2. Lower costs without sacrificing quality

Whether you are self funding or searching for financing, this is a time to lower your company’s costs as much as possible without sacrificing quality. But cutting costs doesn’t mean cutting corners. If you reduce your company’s value, fail to protect your intellectual property or make your valuable employees feel their jobs are not secure, you will simply be unable to compete.

Look for waste wherever you find it, and consider alternative, less costly approaches to solving routine operating tasks. For example, I started a virtual law firm of top attorneys from the best law firms in the United States, but without all the overhead of a typical large firm. By removing all the waste and overhead, we are able to provide the same service of a premier law firm at a third of the price. We did this by keeping our most valuable asset – our highly skilled attorneys – and unloading the expensive office space, outsourcing labor where the location of the workforce was not material, and removing the high costs of redundancy, on-the-job training and recruiting.

Look for similar waste in your business with a fine-tooth comb and innovative strategies, but make sure you do not lose any talent or major assets in the process. This is not the time to let cash fall through the cracks, but it is also important that you stay competitive in the market place.

 

 

3. Reduce reliance on outside financing

Securing financing, whether through equity or debt, is extremely difficult. In this time of hight uncertainty, banks, venture capitalists and angel investors are holding on to their cash until they feel confident that the worst is behind them. For many businesses, this means depending solely on their own revenue to fund future growth. Consider focusing on a sector of your business that is particularly profitable or that generates the most value, and hold off on expanding peripheral sectors until you are in a more stable position.

Allowing a financial foundation to harden before building up might not instantly propel your company to great heights, but it’s preferable to collapsing the entire enterprise when you try to add a new level. This way you will achieve a higher return on investment in the short run, which will help you survive this economic slump.

That being said, venture capital firms and angels have not stopped investing altogether. Our firm is still helping our clients get angel and venture financing, and there are still many financial players looking for places to put their money. If you are looking for financing, look for venture capital firms and angel investors that invest heavily during economic down times. A great way to find such capital sources is to search out venture capitalist firms and angel investors who invested aggressively during the last recession. If a fund’s portfolio contains several investments from 2001, then it is probably more likely to invest during this current economic slump.

 


4. Take advantage of opportunities

An economic crisis brings new economic opportunities, including new demands in the market and government spending. In the market, businesses need solutions that will help them survive, and companies that best provide those solutions will be very successful. For example, software that reduces expenses, a service that helps companies more effectively find financing or a service that will help companies more easily renegotiate debt will find very open markets. At the same time, the entertainment sector is already seeing rising demand as the public seeks inexpensive ways to temporarily escape their economic worries.

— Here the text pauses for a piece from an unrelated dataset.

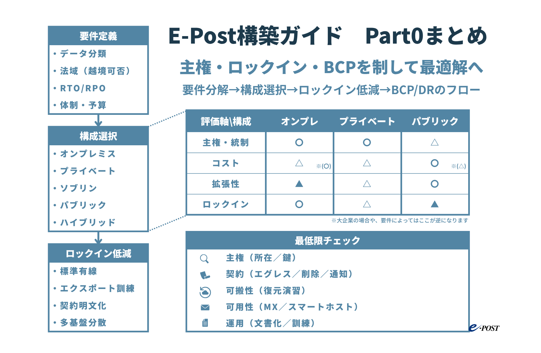 標準技術優先(IMAP/SMTP、DKIM/DMARC 等)/定期エクスポート&復元演習/マルチ基盤分散/契約でエグレス費・保持期間を明文化。

Similarly, businesses tied to government projects are sure to experience a surge in business due to President Barak Obama’s economic stimulus plan, such as the clean technology sector. This is partly because the price of oil is expected to rise again, and partly because the Obama administration will create incentives for investing in clean energy.

So, although it seems that we hear nothing but bad news about the economy, start-ups and hi-tech companies will find there is still plenty of opportunity. By reducing wasteful costs and focusing on what your company does best while also increasing innovation and protecting your assets, your company can position itself well for the next economic upswing.